5. Edge Cases and Error Handling

  • Large Tasq / I/O Stress Test:
    • Create a tasq.md that is extremely long and complex, requiring deep analysis.
    • Run a full cycle. Monitor for I/O errors, prompt size limits with AI providers, or timeouts. Verify the system either completes or fails with a specific error message logged.
  • Invalid tasq.md Content:
    • Fill tasq.md with non-UTF-8 characters, symbols, and mixed languages ("你好 RÄtsel", etc.).
    • Run the system. Verify that the file is read and passed to the AI without crashing the instruqtor.
  • Invalid Agent Output:
    • Manually edit instruqtor.py to output malformed XML (no <briq> tags). Verify instruqtor logs a warning and creates a single fallback briq file containing the raw AI output.
    • Manually edit construqtor.py to not generate any code blocks. Verify the summary reports a “failure” for that briq.
  • Log Errors:
    • Force an agent to crash with an unhandled Python exception.
    • Inspect the agent’s log file in struqture/ and the stderr output from qrane. Verify the full traceback is recorded.
  • Permissions:
    • Change permissions of worqspace/ to read-only (chmod -R 444 worqspace). Run ./qonqrete.sh run. Verify it fails immediately with permission errors.

6. Multi-Platform Testing

  • Windows:
    • On a Windows VM with Docker Desktop and Python 3 installed:
    • Run ./qonqrete.sh init.
    • Run a full task cycle with ./qonqrete.sh run.
    • Test the clean command.
    • Note: The getch() function in qrane.py may behave differently.
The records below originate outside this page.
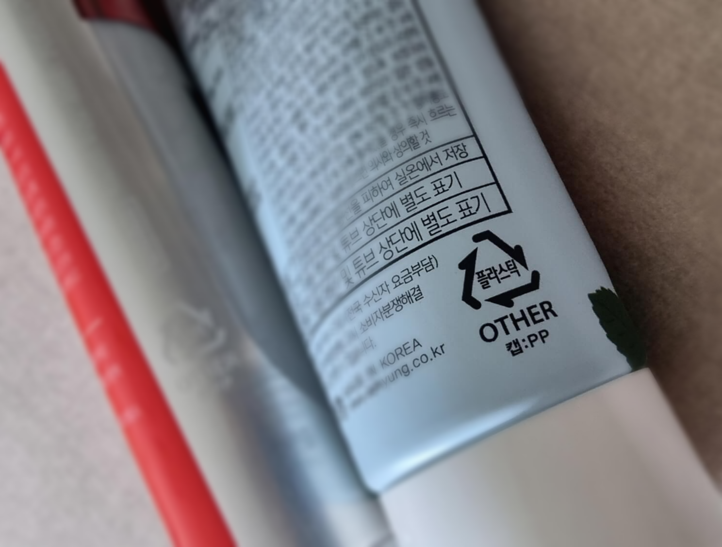 우리가 매일 사용하는 치약을 보시면 '플라스틱 OTHER'이라는 표시가 있습니다. 플라스틱 재활용 마크가 있으니 당연하게 다 쓴 치약은 재활용 플라스틱으로 분리수거를 하고 있습니다.
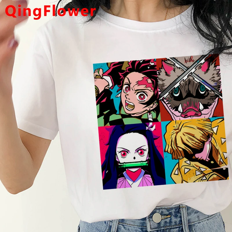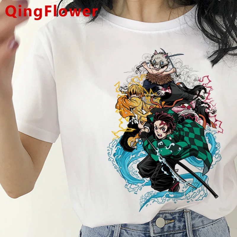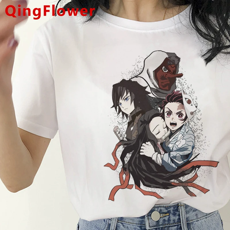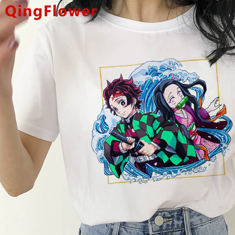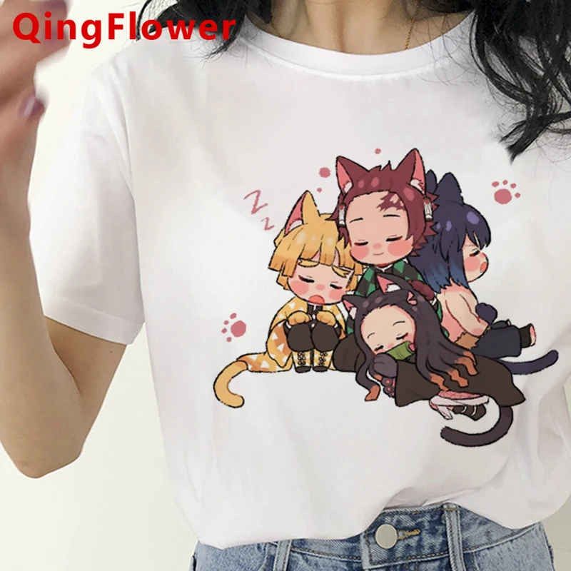 Демон убийца Kimetsu без Yaiba футболка женская обувь для пары со размера плюс, одежда для пар, кепки, кепки в стиле ретро Футболка harajuku kawaii эстетическое
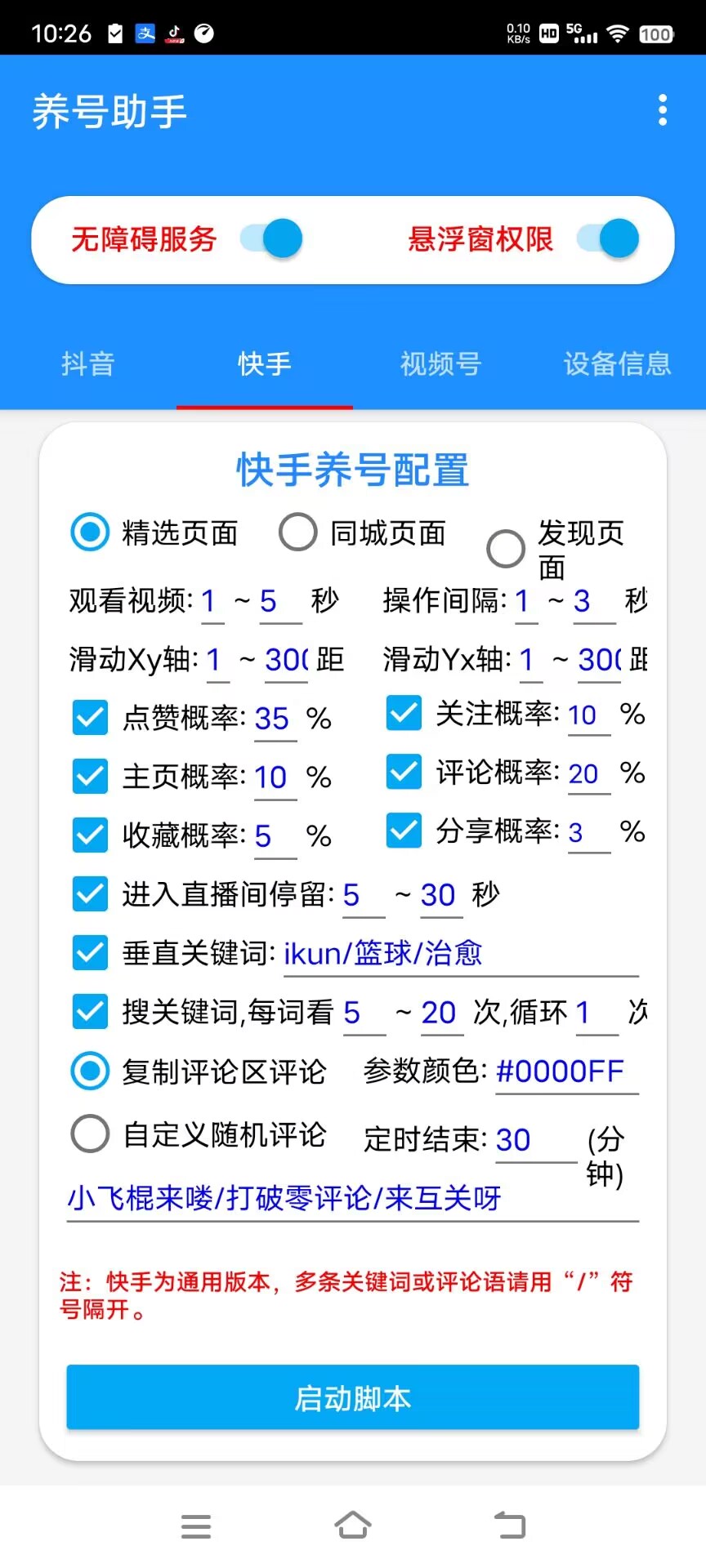 养号助手1.0抖音,快手,视频号三平台自动观看视频,浏览主页,点赞关注,评论收藏, 随机直播间浏览
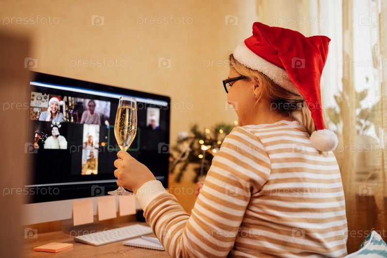 Молодая женщина в шляпе Санты радостно общается по видеосвязи с друзьями

Test manual mode CheQpoints.
  • macOS:
    • On a macOS machine with Docker Desktop and Python 3:
    • Run ./qonqrete.sh init.
    • Run a full task cycle with ./qonqrete.sh run.
    • Test TUI mode (--tui), as terminal behavior can differ.
  • Microsandbox (msb):
    • On a Linux machine with msb installed:
    • Run ./qonqrete.sh init --msb.
    • Run a full task cycle using ./qonqrete.sh run --msb.
    • Set microsandbox: true in pipeline_config.yaml and run without the --msb flag to test the default detection.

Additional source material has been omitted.